Но Гарвей продолжал звонить ещё с полчаса.

Вдруг послышался крик и стук. Мануэль и Дэн бросились к борту. Это вернулись Долговязый Джэк и Том Плэт. Они выловили, казалось, половину рыбьего населения Северного Атлантического океана и тащили его на себе. Том Плэт сбросил с себя мокрую ношу. Джэк снял сапоги и вылил из них воду, потом, неуклюже прыгнув, как вздумавший дурачиться слон, смазал Гарвея по лицу жёсткой, пропитанной рыбьим жиром рукой.

– Будем иметь удовольствие вместе откушать!

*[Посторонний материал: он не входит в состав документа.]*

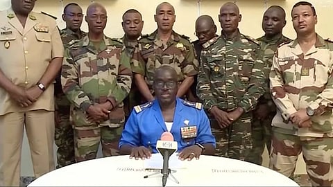 நைஜீரிய அரசுத் தொலைக்காட்சியில் பேசிய கலகத்தின் முக்கிய பங்காளரான கர்னல் அமடௌ அப்டிரமனே, பதவியிலிருந்து நீக்கப்பட்ட அதிபர் பிரான்ஸ் அரசை தங்கள் மீது தாக்குதல் தொடுப்பதற்கு அங்கீகாரம் அளித்துள்ளார் என்றும் அவருடைய வெளியுறவு அமைச்சராக இருந்த ஹசௌமி மசௌதௌவை பிரதமராக நியமித்துள்ளார் என்றும் தெரிவித்தார்.
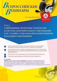 Вебинар «Современные проектные технологии в системе дополнительного образования как условие социализации дошкольников и младших школьников»

Сегодня мы почтим ужин второй смены нашим присутствием!

Действительно, все четверо пошли ужинать. Гарвей наелся до отвала отварной рыбы с сухарями и пирога и заснул как раз в то время, когда Мануэль вытащил из ящика двухфутовую модель «Люси Хольмс», корабля, на котором он совершил своё плавание, и собирался показать на ней все снасти. Гарвей даже пальцем не шевельнул, когда Пенн уложил его на скамейку.

– Как тяжело, должно быть, его отцу и матери, которые думают, что он утонул. Трудно, ох трудно потерять ребёнка! – вздохнул Пенн, вглядываясь в лицо Гарвея.

– Не думай об этом, Пенн, – сказал Дэн, – пойди лучше закончи свою партию в шашки с дядей Сальтерсом. Отец, я постою сегодня на вахте за Гарвея. Он совсем умаялся!

– А малый, право, славный! – сказал Мануэль, стаскивая с себя сапоги и тоже укладываясь на скамье. – Из него, пожалуй, выйдет человек. А что, Дэнни, ведь он вовсе не такой бестолковый, как показалось твоему отцу?

Дэн хотел выразить согласие, но тоже захрапел.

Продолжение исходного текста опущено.